# Electric Kart "Sparkplug" Build Thread / Discussion



## lostinspacebar (Mar 4, 2011)

Hi,

I've been planning/building an electric go-kart. The current BOM is at: http://goo.gl/kStlS

The biggest questions for me is the battery system. I am pretty sure I am going LiPo because of the weight savings. I went with the electricmotorsport site because it has everything in a nice index. Not necessarily going to buy from them. The battery pack selected has a 72V LiFe pack and a BMS and a charger. Is this worth it? 

I was looking around at stuff like MiniBMS. But wasn't sure if that'd be ok. I'm fairly comfortable with electronics/batteries etc. but I'd rather go somewhat safe than super cheap.

The only think I HAVE bought so far is the kart frame (wheels aren't in the pic, but they are about 10-11" in diameter):









What do you guys think? Any suggestions? Comments? I hope to use this place as a build log to keep myself working on the project.

- Aditya
www.lostinspacebar.com


----------



## Salty9 (Jul 13, 2009)

Looks like it's going to be a fun project. With such a small footprint knitting together the bits and pieces will be a challenge.


----------



## frodus (Apr 12, 2008)

Not sure if you could fit it, but I have a K91-4003 for sale.... we were going to put it in a go kart. TONS of torque.... hardly any use. Got a Contactor too. There's also a guy on elmoto.net that has an alltrax as well, for $1000 you get motor/controller. MIGHT be able to help with batteries, depending on what you want to use.

The list looks good though, should be super fun!


----------



## esoneson (Sep 1, 2008)

Don't know about the rest of you folks, but if I tried this build on hardwood floors I'd be in deep do-do with the Misses.

This looks like it is going to be a great fun project. Good luck!

Eric


----------



## EVKarter (Jun 22, 2011)

I will say this much, you bought a decent kart to start off with, so good job there. Looks like an older pre-wildkart TrackMagic? The brembos will help slow this 500lb projectile down for sure. TM's arent made any more, so it can be harder to get parts for them.

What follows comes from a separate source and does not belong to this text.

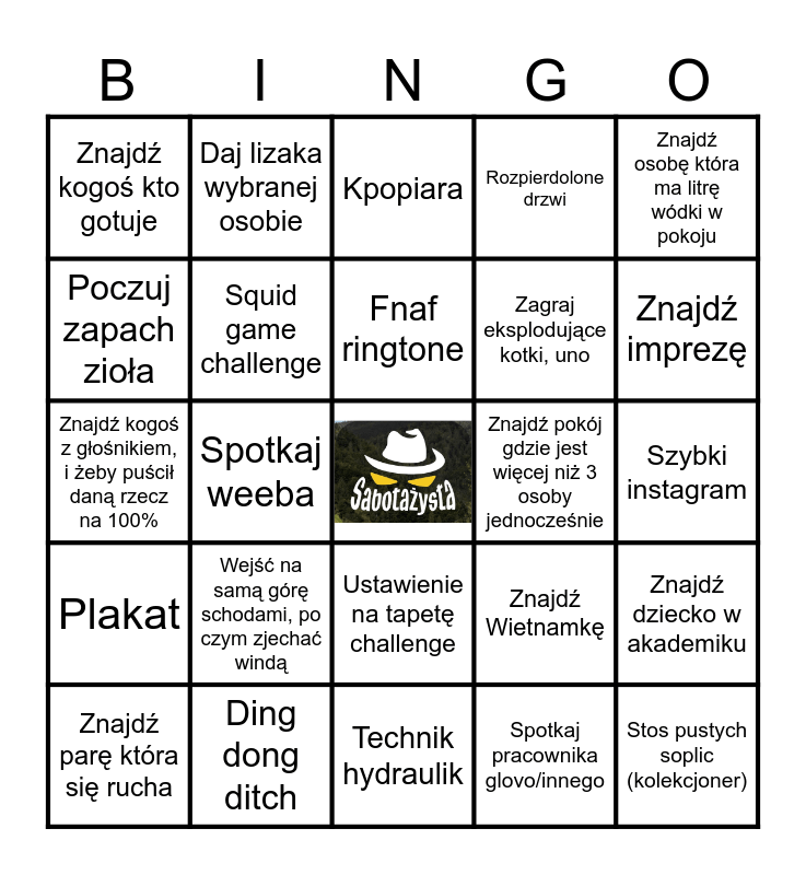This bingo card has a free space and 24 words: Wejść na samą górę schodami, po czym zjechać windą, Ding dong ditch, Fnaf ringtone, Znajdź parę która się rucha, Znajdź osobę która ma litrę wódki w pokoju, Znajdź kogoś kto gotuje, Poczuj zapach zioła, Daj lizaka wybranej osobie, Znajdź pokój gdzie jest więcej niż 3 osoby jednocześnie, Ustawienie na tapetę challenge, Zagraj eksplodujące kotki, uno, Znajdź kogoś z głośnikiem, i żeby puścił daną rzecz na 100%, Znajdź Wietnamkę, Znajdź dziecko w akademiku, Squid game challenge, Spotkaj pracownika glovo/innego, Szybki instagram, Kpopiara, Znajdź imprezę, Spotkaj weeba, Stos pustych soplic (kolekcjoner), Plakat, Rozpierdolone drzwi and Technik hydraulik.

I plan on EVing mine at some stage, but time and budget has put things on a hold. I don't have $4K for two seasons, let alone an EV project LOL.
Here's my thread, hopefully it will be of some help: http://www.diyelectriccar.com/forums/showthread.php?t=60039


----------



## lostinspacebar (Mar 4, 2011)

@Salty9: yeah. It should be interesting. It's a learning experience unto it's own - trying to get things light/cheap.

@frodus: Thanks for the pointers. I don't know if that motor is all that attractive. I've read DC motors ARE better for longer life since they don't melt or something if you run em too hot for long. But I think I'll still try to take my chances with this for the 30+HP  The other site looks cool though. Always looking for more places to find used stuff 

@esoneson: Thanks! Also, Single. Apt. Cheap linoleum floors 

@EVKarter: I've actually been reading your post already. Was looking for previous projects to learn from any pitfalls etc. Lots of awesome info there. Are you still building yours? Your requirements/final product seem very close to what I am trying to build.


----------



## frodus (Apr 12, 2008)

lostinspacebar said:


> @frodus: Thanks for the pointers. I don't know if that motor is all that attractive. I've read DC motors ARE better for longer life since they don't melt or something if you run em too hot for long. But I think I'll still try to take my chances with this for the 30+HP  The other site looks cool though. Always looking for more places to find used stuff


No problem, figured I'd help if I can. Lots of people use series wound due to their thermal mass (you'll likely need to force air cool your Mars motor due to overheating), as well as their lack of magnets and more torque per amp of most anything available. Note: My motor is rated for both continuous and peak, but websites list continuous. It's a 30+HP motor and you can get brushes at a forklift shop.


I'm not sure if I misunderstand you.... but they're both DC brushed motors. The only noteable difference is magnets in the rotor, so be careful with overheating.


----------



## lostinspacebar (Mar 4, 2011)

frodus said:


> Note: My motor is rated for both continuous and peak, but websites list continuous. It's a 30+HP motor and you can get brushes at a forklift shop.
> 
> 
> I'm not sure if I misunderstand you.... but they're both DC brushed motors. The only noteable difference is magnets in the rotor, so be careful with overheating.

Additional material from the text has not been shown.